This excerpt exemplifies how NUDM articulates structural gender-based violence through a prognostic frame that goes beyond punitive or legalistic solutions. Rather than merely addressing gender-based violence as an isolated incident requiring intervention after the fact, the movement interprets economic autonomy as a preventative mechanism. The concept of a self-determination income reframes financial independence not only as a means of escape from violent situations but as a precondition for self-determined choices in relationships and life trajectories. The interviewee highlights how previous movements had long advocated for a basic income, but struggled to make its necessity resonate with the general public. NUDM's framing of this claim as a response to gender-based violence effectively bridges economic justice with feminist claims, demonstrating how financial dependence reinforces structural forms of violence. By embedding economic autonomy within the movement's broader critique of patriarchy and capitalism, NUDM moves beyond traditional feminist demands focused solely on legal or social protections. Furthermore, this framing demonstrates a shift in feminist discourse from a reactive to a proactive stance. This aligns with broader feminist critiques of neoliberal policies that erode the welfare state, reinforcing how economic precarity is deeply intertwined with gender-based violence.
The interviewee also underscores a key aspect of prognostic framing: the importance of developing tangible, actionable solutions within a movement's timeframe. By stressing that NUDM was able to propose concrete escape mechanisms alongside their critique of violence, the movement positions itself as not only diagnostic but solution-oriented. This highlights how NUDM's prognostic frame moves beyond abstract theoretical critiques, actively working to reshape economic conditions that sustain gender-based violence.

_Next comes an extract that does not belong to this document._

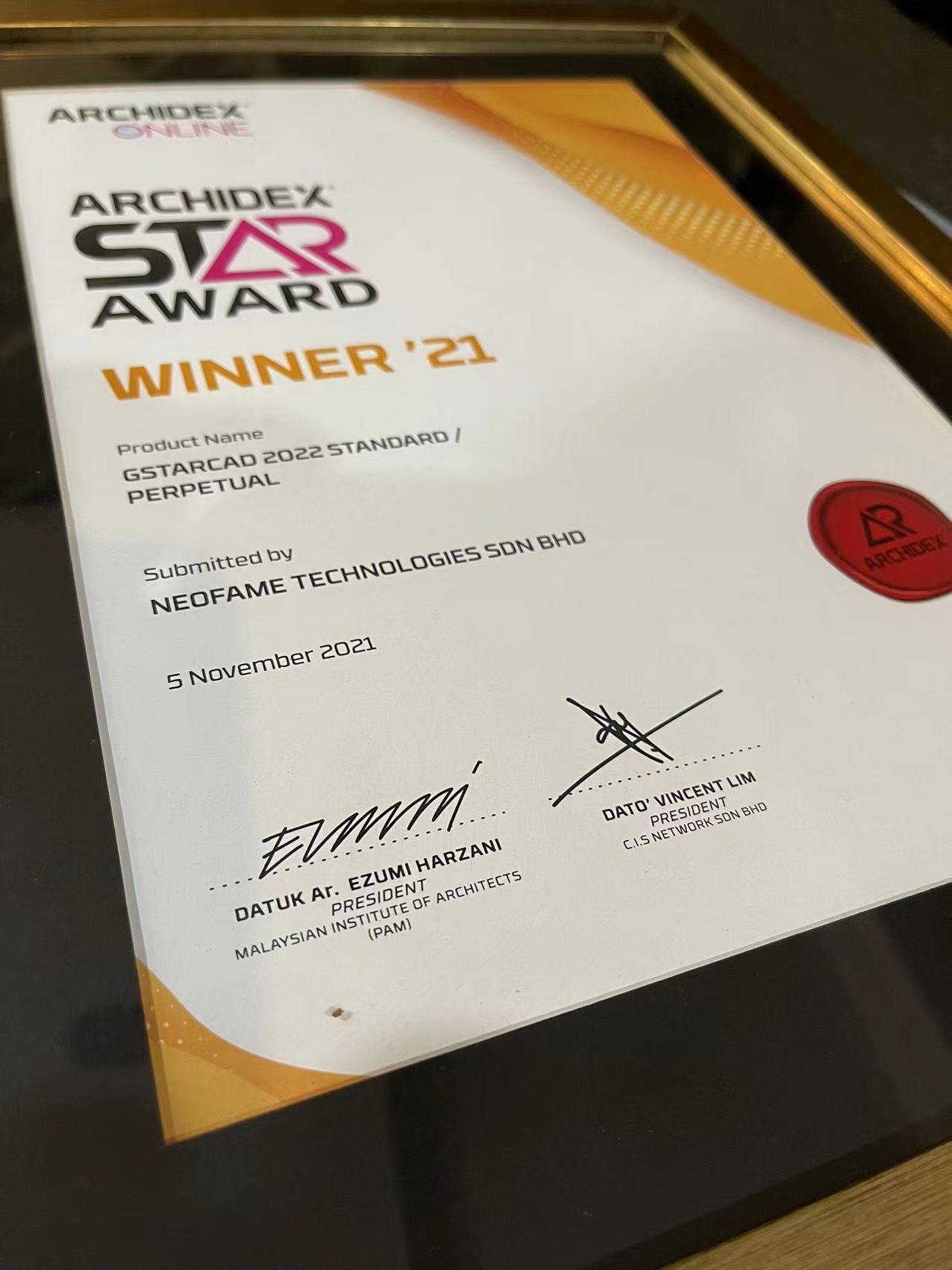 The ARCHIDEX Star Award celebrates excellence in product design in the architecture, interior design and building industry. And our product GstarCAD 2022 Standard/Perpetual, submitted by our partner in Malaysia NEOFAME, has lived up to the expectations and won this special award.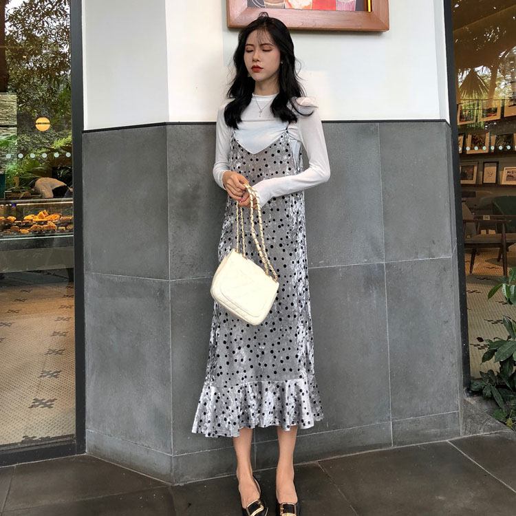 秋裝女2018新款荷葉邊中長款魚尾裙溫柔風波點連衣裙+修身打底T恤

Thus, a key component of the movement's prognostic framing concerns women's autonomy and self-determination. Indeed, most policies on gender-based violence tend to reproduce the victimization of women. On the contrary, feminists argue that to counter violence on women, on the one hand society needs to change, and on the other, women must be provided with the necessary means for self-determination:
We do not need guardians or gatekeepers; we are not victims and we did not ask for it. We fight for structural change, starting in schools, work, health, administration of justice and the media, we demand respect for our paths of freedom and self-determination and our independence. Therefore, we demand the means and resources to self-determination and choose over our lives. (SMD4, NUDM, 2017)
Connected to this prognostic framing, the feminist movement engages with protest and mobilization as a way to counter gender-based violence by impacting upon and changing the cultural and social sphere. It also promotes forms of solidarity and peer-to-peer support as tools to counter violence. Given the anti-institutional character of the movement as well as its refusal to delegate the fight against gender-based violence to the State, the more concrete measures envisaged concern the funding to anti-violence centers, which are recognized as structures holding a feminist history and methodology and the introduction of measures to economically support women who exit violent domestic relationships.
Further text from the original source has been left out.